Never in my wildest dreams did I ever think I would ever get into abstract art and yet here we are…
Well, sort of.
Whilst I’ve always had an appreciation for abstract art and a respect for those artists that create brilliant, dramatic and skillful abstract artwork it’s never been a style of art that I, personally, have been drawn to, let alone have had a desire to experiment with myself. My style has always been very detail-focused and centered solely in realism. Realism still remains my absolute passion. It’s the kind of art I think about all the time and generally nerd out to.
So what changed?
I discovered the art of acrylic pouring.
Acrylic pouring is the process of creating abstract art by combining fluid acrylics, a special pouring medium and sometimes other components e.g. silicone oil and allowing them to flow freely across a canvas. This creates beautiful, intricate patterns as the different coloured paints interact with each other, giving a marbled appearance to the canvas.
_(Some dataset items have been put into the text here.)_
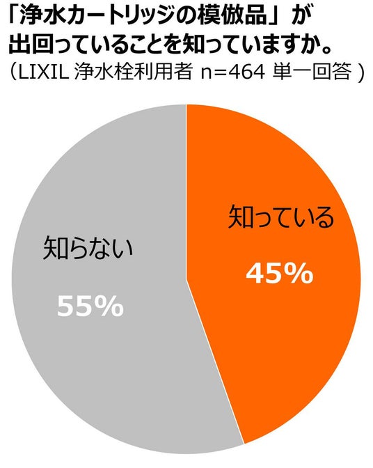LIXILの浄水器付き水栓を利用している方に浄水カートリッジの模倣品について尋ねたところ(対象:464人)、その存在を「知っている」という回答は45%に留まりました。
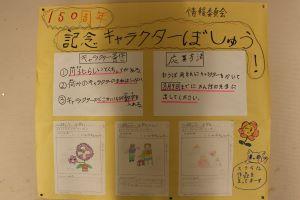 1学期に情報委員会の児童から、金沢市の小学校でキャラクターを作成したという新聞記事を読み、「川北小学校でも150周年のキャラクターを作りたい!」の意見があり、私(校長)も賛成~!
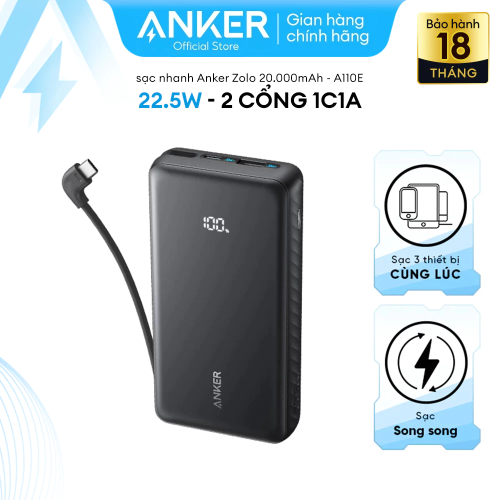 Trong kỷ nguyên số, một nguồn năng lượng di động đáng tin cậy là người bạn đồng hành không thể thiếu. Pin sạc dự phòng Anker Zolo A110E ra đời để đáp ứng hoàn hảo nhu cầu đó, kết hợp giữa dung lượng pin "khủng", công nghệ sạc nhanh tiên tiến và thiết kế thông minh, sẵn sàng cùng bạn đi đến bất cứ đâu.

I loved this effect so much I knew I wanted to incorporate it into my work somehow. The way the fluid paint flowed across the canvas replicated the liquidity and movement of water which was an idea that really appealed to me. The dream-like colours and bubbles/cells created in the pour reminded me of the reflections you see underwater when looking up towards the water’s surface. I wanted that chaotic movement and freedom that flowing paint, itself, provided to feature in my water paintings whilst still retaining the realistic nature of my style.
And so an idea was born!
The Law of Thirds
My experiments with the technique lead me to a general method I now use to create all of my work. Around a third of the canvas is taken up by the vivid colours and swirling abstract patterns of the acrylic pour. Another third or so features the swimmer and is based in reality – I generally use a reference to get the general proportions and likeness for this portion correct. That leaves the last third; the bridge between the abstract portion and the realistic portion. In this third I rely totally on my imagination; taking shapes and colours from the other two thirds and combining them to create a delicate yet important link between the two disparate styles. This means that one third of my work is based in reality, one third is pulled from my imagination and one third is left up to chance and the random way paint flows across a surface.
The newfound freedom and excitement this has bought to my way of working can’t be understated and I already have so many ideas for new work in my head that I have yet to put to canvas. Let the experimentation continue!